La roseraie du Parc de la tête d’Or – Le mardi 6 juin 2017

 

Article proposé par Anne RENOUD

Nous étions 17 à répondre présents pour suivre la visite commentée par Monsieur GRIENAY, botaniste du Parc.

Comme d’ordinaire, notre visite débute devant la grande serre pour passer devant le magnifique magnolia d’été, ses fleurs de couleur crème, grosses comme des pomelos ont un parfum légèrement citronné. Monsieur GRIENAY rappelle l’ouverture du parc en 1796. Les Canuts au chômage ont creusé le lac actuel et ils ont réparti la terre sur 1,5m sur les jardins. La première roserai est ouverte en 1860 et jusqu’en 1914, on trouve de nombreuses roseraies à Lyon et dans les communes voisines. Aujourd’hui, le parc compte trois roseraies : la plus grande, la roseraie internationale, la roseraie d’expérimentation ; c’est à Lyon que sont créées les nouvelles variétés de roses grâce à la méthode d’hybridation. Ces nouvelles roses font parties du groupe des roses modernes. Tous les botanistes ne sont pas toujours d’accord mais l’on peut dire qu’à partir de 1867, l’appellation de roses modernes est donnée aux rosiers hybrides. Si vous souhaitez tenter l’expérience, choisissez deux très jolies roses de deux variétés différentes. Retirez les étamines de la premières, ce sont les organes mâles et déposez le pollen de la deuxième. Pour vous assurer que la rose ne sera pas pollinisée par une autre fleur, enfermez la rose dans un sac en papier et oubliez là quelques jours, la rose va se faner. Comme toutes fleurs, elle va donner un fruit, le cynorhodon. Dans le fruit se forment des graines. Mettez une graine dans chaque pot et patientez, de nouveaux rosiers tous différents les uns des autres vont être ainsi créés. Attendez une quinzaine d’années avant que vos rosiers donnent une floraison stable et donnez-leur un nom !

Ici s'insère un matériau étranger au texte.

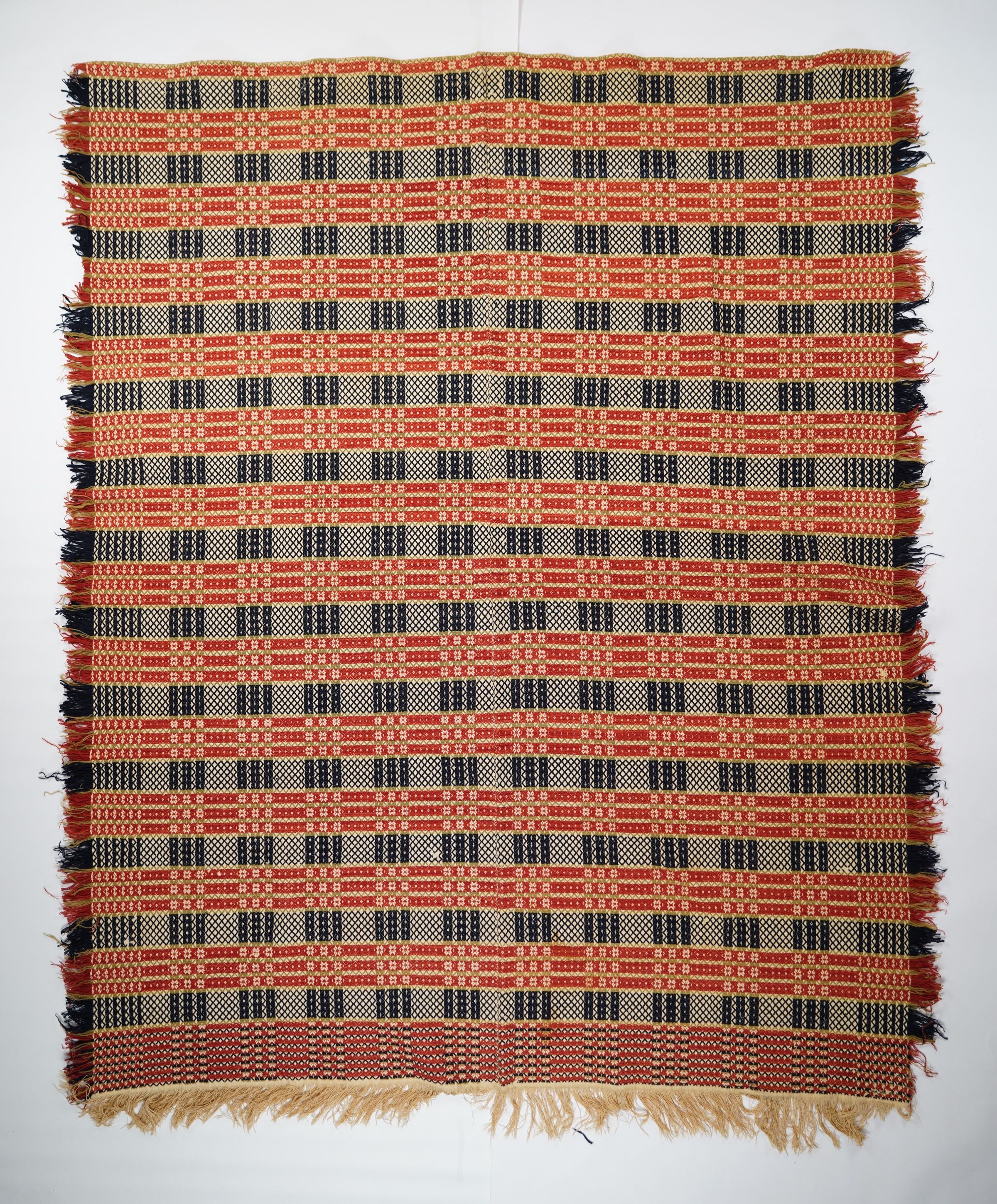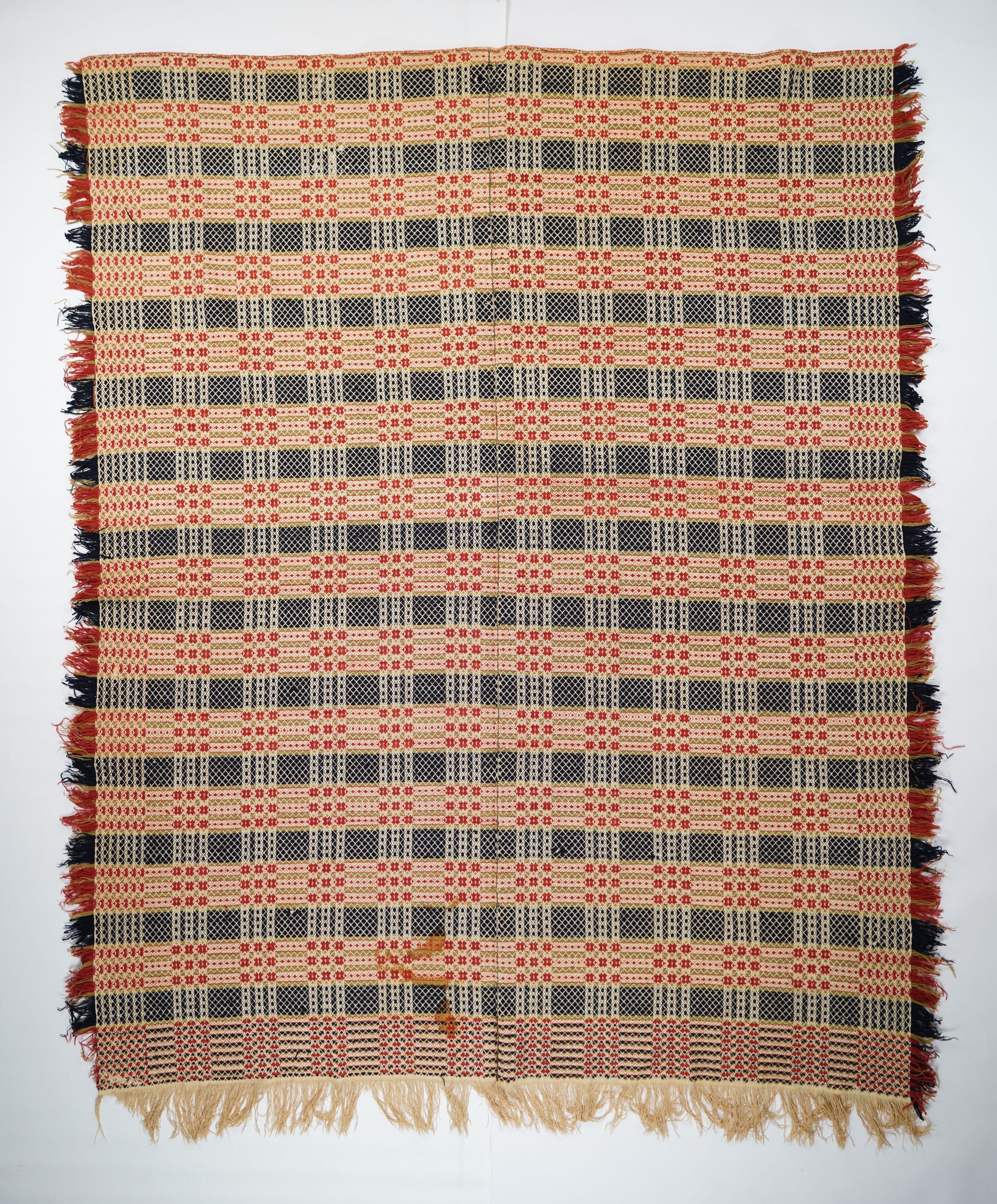 Red, green, navy, and natural geometric point twill coverlet with border and self-fringe on three sides. Two joined panels.Collection

Nous vous avons annoncé 3 roseraies dans le parc de la Tête d’or, la troisième est la roseraie historique. C’est celle que nous visitons ce 6 juin matin. Nous sentons, nous touchons avec précaution la délicatesse des pétales. Les fleurs sont petites avec une seule rangée de pétales. Leur parfum est très variable d’une variété à une autre. La rose Bourbon, première rose née d’une hybridation naturelle à l’île Bourbon ancien nom de l’île de la réunion. Les colons européens ont emporté entre autres, des rosiers de leurs jardins. Les asiatiques feront la même chose. C’est la proximité de ces deux espèces que naîtra une rose plus volumineuse avec plusieurs rangées de pétales. Naturellement les roses sont blanches, rouges et en passant par tous les dégradés du rose. C’est à partir de 1900 que nait la rose jaune.

Grâce aux connaissances et à la passion de Monsieur GRIENAY, le rappel historique complété par la description de la beauté d’un tel lieu furent un enchantement et un instant parfait.

Nous avons passé une matinée très intéressante ou chacun d’entre nous a pu prendre le temps de toucher et d’humer le parfum si varié des roses.

Un grand merci aux accompagnateurs qui nous ont permis de déambuler aisément dans le parc.